- Opening Delimiter -

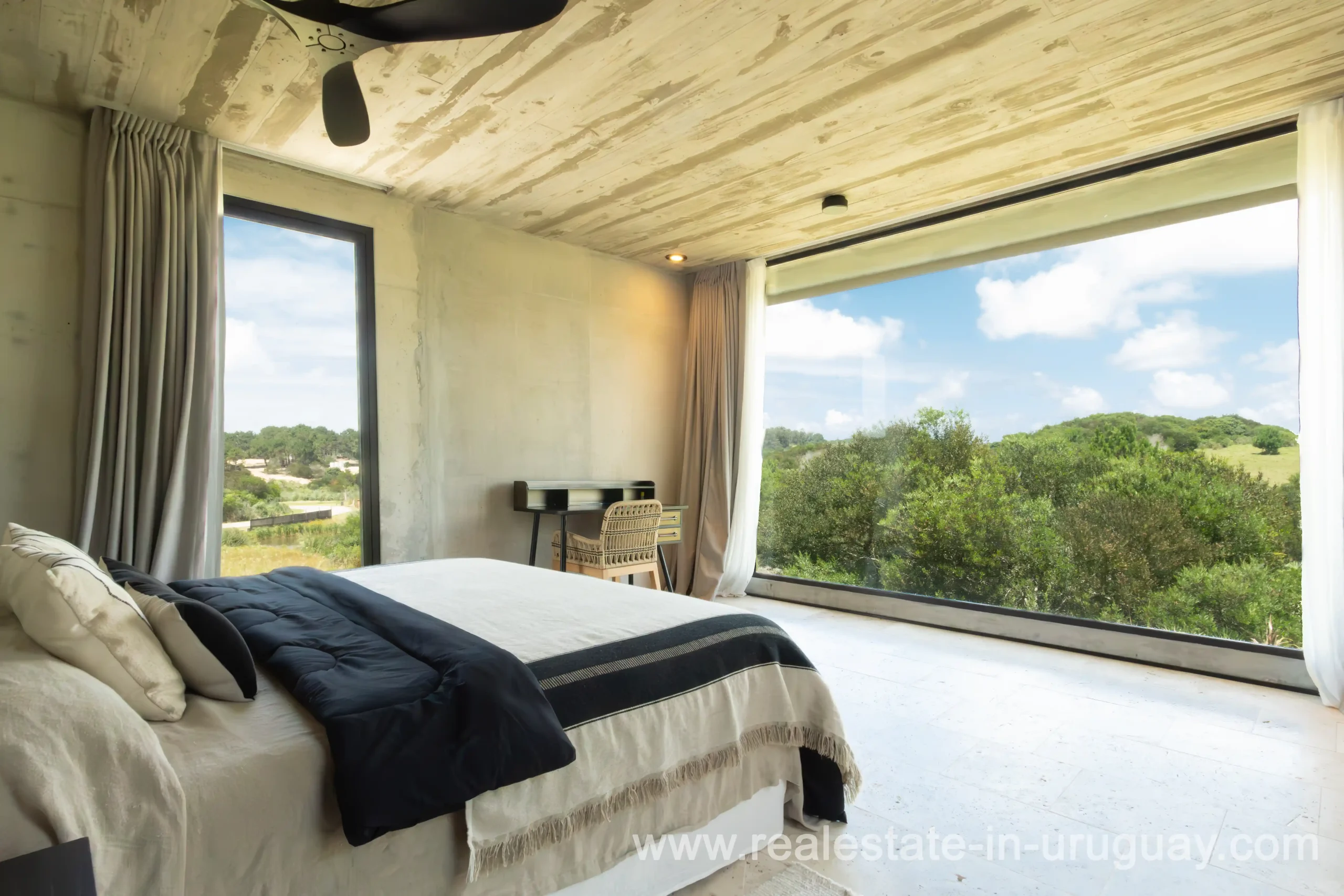 Im rechten Flügel des Hauses befinden sich eine Toilette und zwei Schlafzimmer mit eigenem Bad. Im linken Flügel befinden sich ein Fernsehzimmer und eine Hauptsuite mit begehbarem Kleiderschrank und Badezimmer.
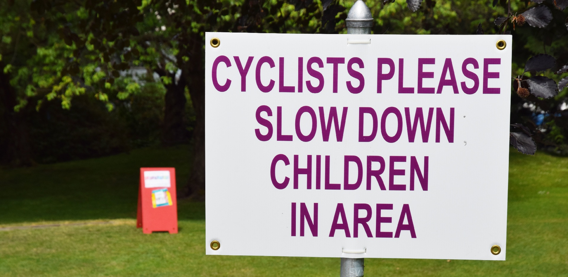 I talked with the person putting up this sign, and said: "That sign is telling the cyclists to slow down the children." I like to be helpful...
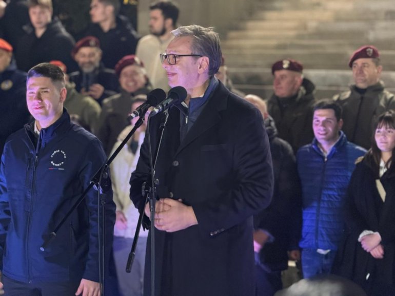 - Naše je da se prema njima nikad ne odnosimo onako kako su oni hteli da se odnose prema nama. Hteli su nas mrtve, ponižene, sklonjene iz zemlje. Mi njih želimo ovde u našoj zemlji, da žive sa nama, da ih saslušamo. Da razgovaramo sa njima, ali da se poštuju demokratska pravila i onaj ko dobije većinu da taj ima pravo da upravlja zemljom, a ne onaj ko misli da može da spali naše gradove, dovoljno ste spalili sve. Uništili ste sve što ste stigli. Borićemo se svi zajedno da pobedi pristojna Srbija. Niste vi čuvali ova mesta i Srbiju zbog mene, već zbog svojih roditelja, dece, nečeg što je vrednije od svakog od nas, a to je otadžbina. Srbin zna kad je otadžbina napadnuta da ustane. Zajednički moramo da sačuvamo zemlju, ta borba mora da bude politička, a ne vojnička. Srbija mora da ide ubrzano napred i zato verujem da će naredna godina biti možda najbolja u istoriji Srbije, kad ćemo da imamo najveće penzije, obezbedimo najveći rast Srbije. Nastavićemo da radimo i da gradimo! - kazao je on.

- Closing Delimiter -

EXERCISE DESCRIPTION >>
Once the line with "I talked with" is found, output it and every line after it through the end of the listing, exactly, without pictures.

TASK SOLUTION >>
 I talked with the person putting up this sign, and said: "That sign is telling the cyclists to slow down the children." I like to be helpful...
 - Naše je da se prema njima nikad ne odnosimo onako kako su oni hteli da se odnose prema nama. Hteli su nas mrtve, ponižene, sklonjene iz zemlje. Mi njih želimo ovde u našoj zemlji, da žive sa nama, da ih saslušamo. Da razgovaramo sa njima, ali da se poštuju demokratska pravila i onaj ko dobije većinu da taj ima pravo da upravlja zemljom, a ne onaj ko misli da može da spali naše gradove, dovoljno ste spalili sve. Uništili ste sve što ste stigli. Borićemo se svi zajedno da pobedi pristojna Srbija. Niste vi čuvali ova mesta i Srbiju zbog mene, već zbog svojih roditelja, dece, nečeg što je vrednije od svakog od nas, a to je otadžbina. Srbin zna kad je otadžbina napadnuta da ustane. Zajednički moramo da sačuvamo zemlju, ta borba mora da bude politička, a ne vojnička. Srbija mora da ide ubrzano napred i zato verujem da će naredna godina biti možda najbolja u istoriji Srbije, kad ćemo da imamo najveće penzije, obezbedimo najveći rast Srbije. Nastavićemo da radimo i da gradimo! - kazao je on.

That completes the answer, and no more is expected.